Background Regional and segmental changes of the lumbar spine have previously been described as patients transition from standing to sitting; however, alignment changes in the cervical and thoracic spine have yet to be investigated. So, the aim of this study was to assess cervical and thoracic regional and segmental changes in patients with thoracolumbar deformity versus a nondeformed thoracolumbar spine population.

Methods This study was a retrospective cohort study of a single center's database of full-body stereoradiographic imaging and clinical data. Patients were ≥ 18 years old with nondeformed spines (nondegenerative, nondeformity spinal pathologies) or thoracolumbar deformity (ASD: PI-LL > 10°). Patients were propensity-score matched for age and maximum hip osteoarthritis grade and were stratified by Scoliosis Research Society (SRS)–Schwab classification by PI-LL, SVA, and PT. Patients with lumbar transitional anatomy or fusions were excluded. Outcome measures included changes between standing and sitting in global alignment parameters: sagittal vertical axis (SVA), pelvic incidence minus lumbar lordosis (PI-LL), pelivc tilt (PT), thoracic kyphosis, cervical alignment, cervical SVA, C2-C7 lordosis (CL), T1 slop minus CL (TS-CL), and segmental alignment from C2 to T12. Another analysis was performed using patients with cervical and thoracic segmental measurements.

Results A total of 338 patients were included (202 nondeformity, 136 ASD). After propensity-score matching, 162 patients were included (81 nondeformity, 81 ASD). When categorized by SRS-Schwab classification, all nondeformity patients were nonpathologically grouped for PI-LL, SVA, and PT, whereas ASD patients had mix of moderately and markedly deformed modifiers. There were significant differences in pelvic and global spinal alignment changes from standing to sitting between nondeformity and ASD patients, particularly for SVA (nondeformed: 49.5 mm versus ASD: 27.4 mm; P&thinsp;< .001) and PI-LL (20.12° versus 13.01°, P < .001). With application of the Schwab classification system upon the cohort, PI-LL (P = .040) and SVA (P = .007) for severely classified deformity patients had significantly less positional alignment change.

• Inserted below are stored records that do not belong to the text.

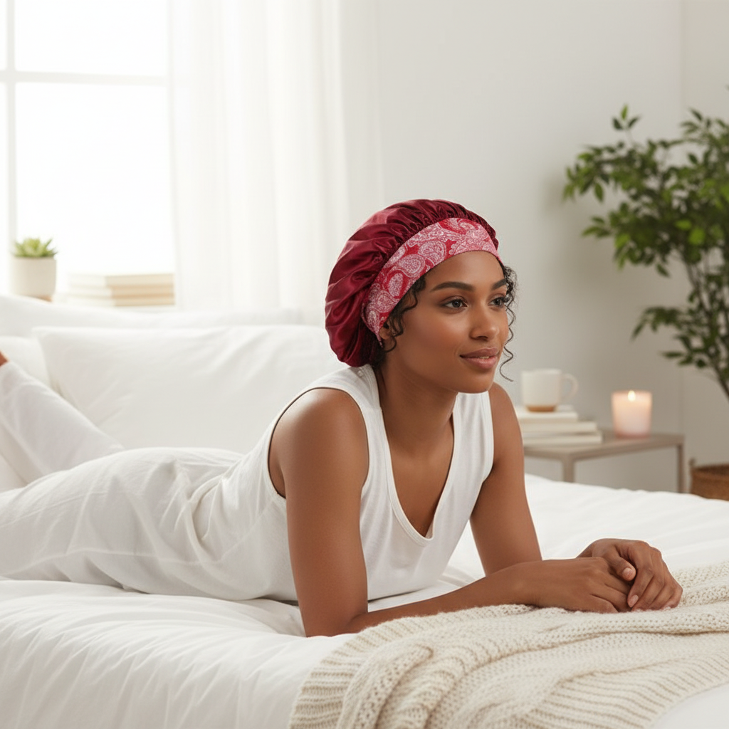 Ce bonnet est un accessoire capillaire conçu pour maintenir et couvrir les cheveux. Il est fabriqué en satin et se caractérise par une couleur bordeaux avec un bandeau à motif cachemire.
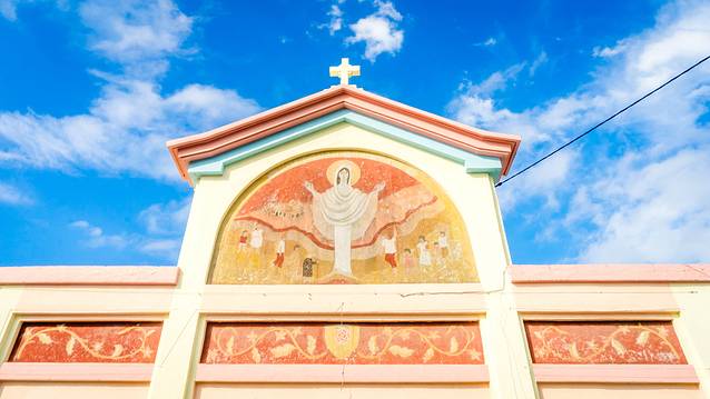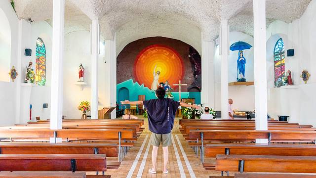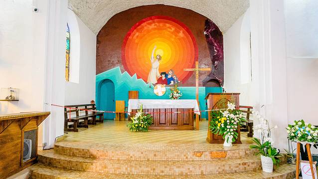 进入其中你会看到一个非常特别的存在,它就是教堂右侧的一个圣母像,特别之处就在于她可能是全世界唯一个打伞的圣母像。其实关于提及它就不得不说一下留尼汪的另外一处地方,熔岩之路。
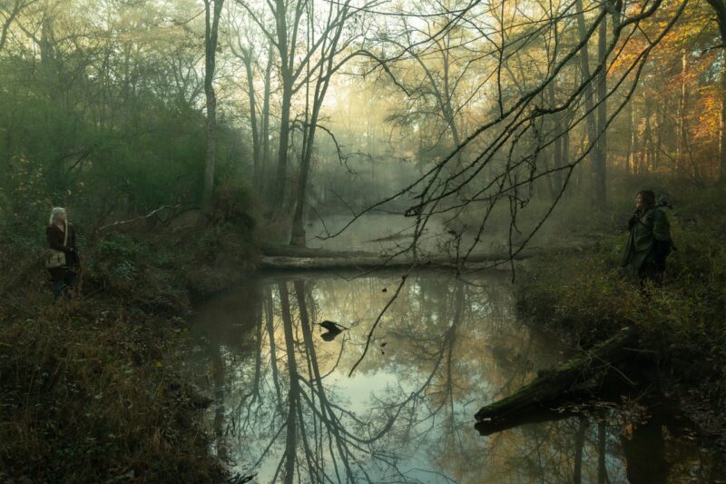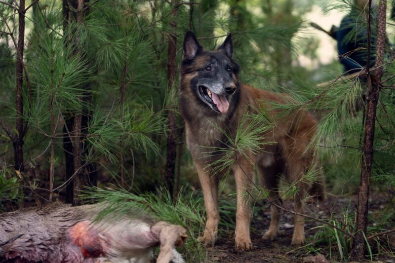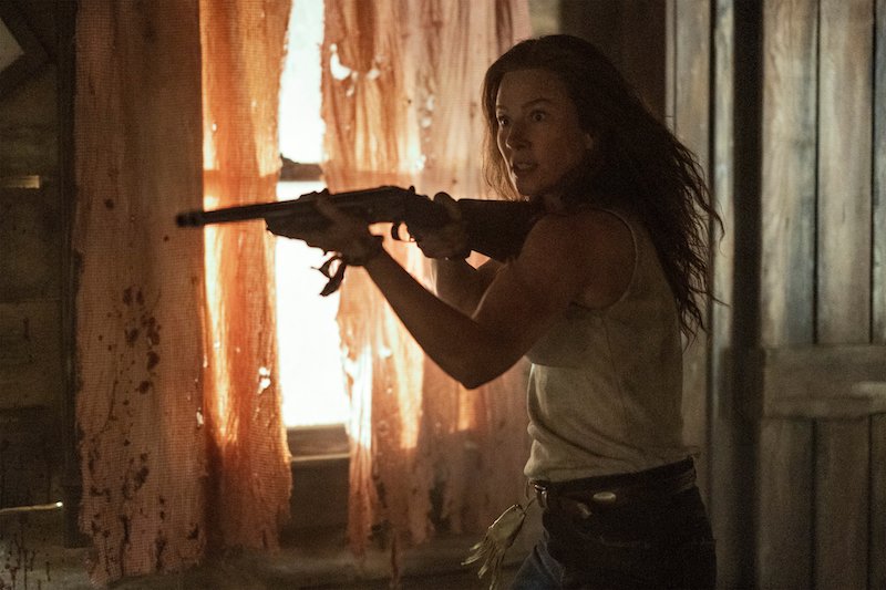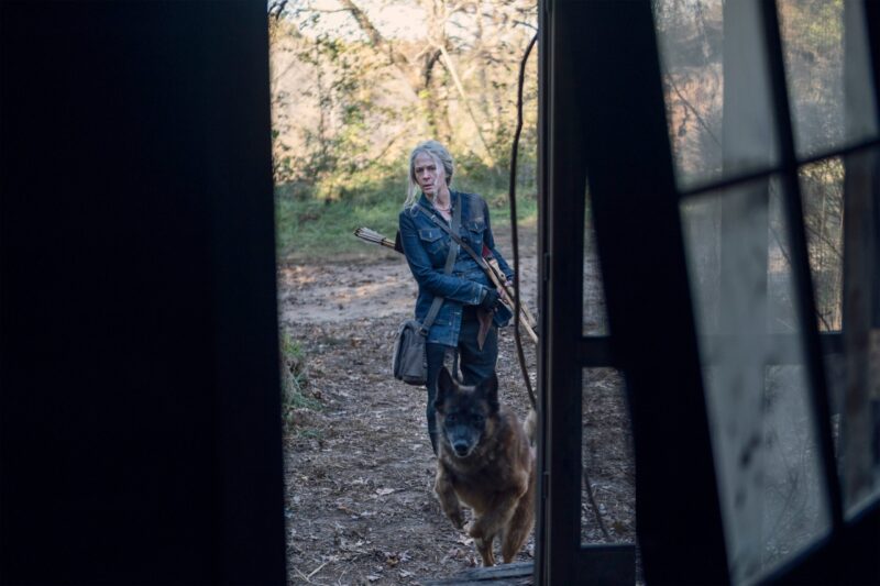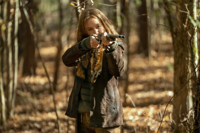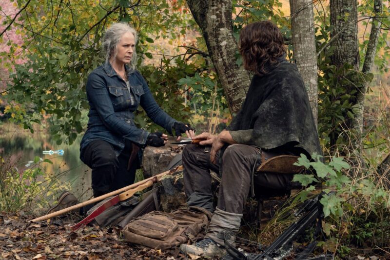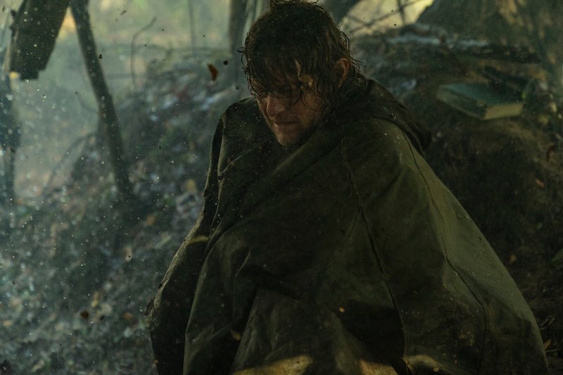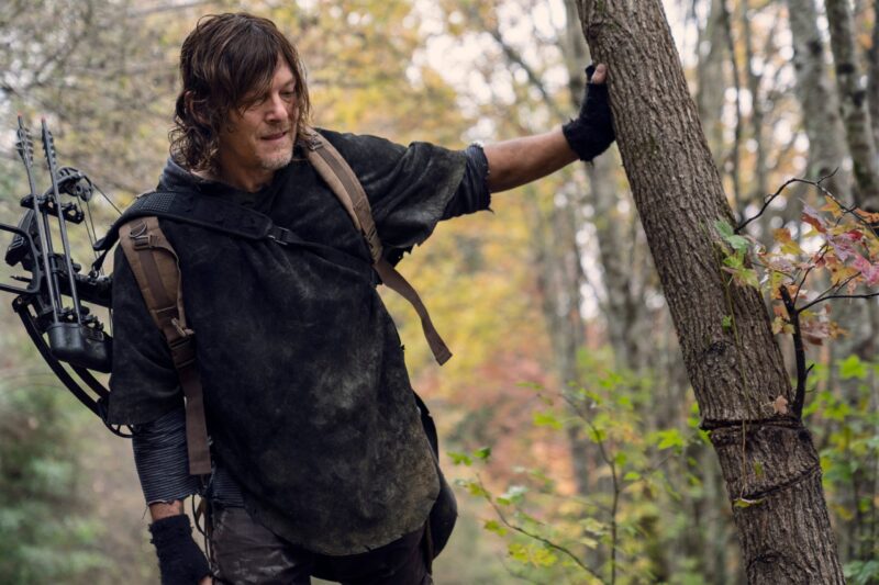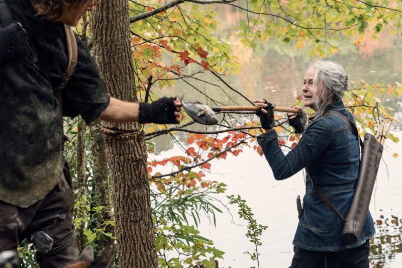 In the photos, we see Daryl and Carol on another adventure, with Daryl still searching for Rick. When the bridge collapsed, it was unclear to them at the time if Rick had survived or perished in the explosion. There’s also a glimpse at Leah (Lynn Collins), the mysterious new character who has a shotgun pointed at Daryl, and, of course, they shared a few photos of Dog because who doesn’t love Dog?
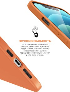 При виготовленні чохла використовувалися преміальні матеріали – Liquid silicone, з Soft Touch покриттям. М'яка підкладка з преміальної мікрофібри надійно захистить ваш гаджет від подряпин, бруду та пилу. Чохол має ребра жорсткості, таким чином телефон захищений з усіх боків. Додатковою перевагою є наявність виступаючих бортів над дисплеєм та наявність додаткової пластикової рамки над задньою камерою для додаткового захисту. У панелі передбачені всі необхідні вирізи та кнопки. Також аксесуар не заважає використанню портів та інтерфейсів пристрою.
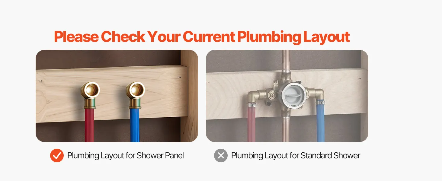 VEVOR Shower Panel Tower System with Rainfall Shower Head, 49 in Brushed Stainless Steel Shower Column, 3-Function Faucet, High Pressure Wall-Mount Rain Massage System with 6 Body Jets and Handheld
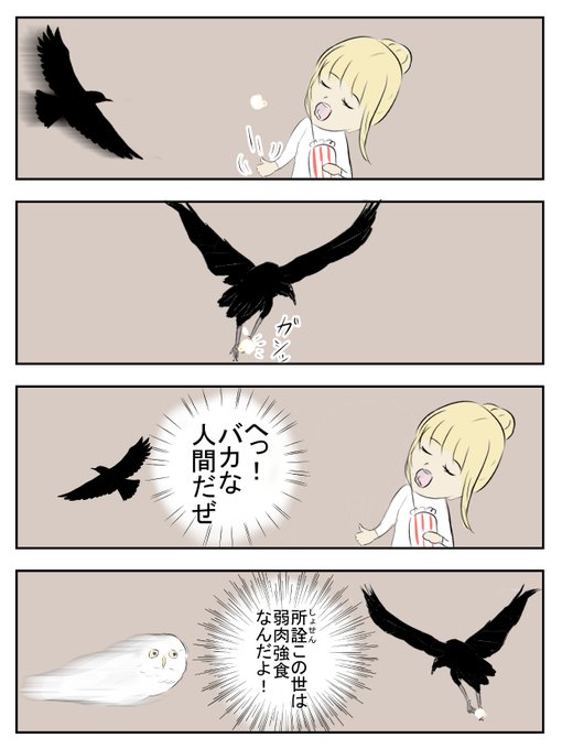 ゆうとモコ弐272 【弱肉強食】 #4コマ漫画 #漫画が読めるハッシュタグ 体力の限界を迎えたのでこれからは2日間に一回の更新になります😣

In an additional analysis of patients with segmental measurements from C2 to T12, nondeformity patients showed significant mobility of T2-T3 (−0.99° to −0.54°, P = .023), T6-T7 (−3.39° to −2.89°, P = .032), T7-T8 (−2.68° to −2.23°, P = .048), and T10-T11 (0.31° to 0.097°, P = .006) segments from standing to sitting. ASD patients showed mobility of the C6-C7 (1.76° to 3.45°, P < .001) and T11-T12 (0.98° to 0.54°, P = 0.014) from standing to sitting. The degree of mobility between nondeformity and ASD patients was significantly different in C6-C7 (−0.18° versus 1.69°, P = .003), T2-T3 (0.45° versus −0.27°, P = .034), and T10-T11 (0.45° versus −0.30°, P = .001) segments. With application of the Schwab modifier system upon the cohort, mobility was significant in the C6-C7 (nondeformed: 0.18° versus moderately deformed: 2.12° versus markedly deformed: 0.92°, P = .039), T2-T3 (0.45° versus −0.08° versus −0.63°, P = .020), T6-T7 (0.48° versus 0.36° versus −1.85°, P = .007), and T10-T11 (0.45° versus −0.21° versus −0.23°, P = .009) segments.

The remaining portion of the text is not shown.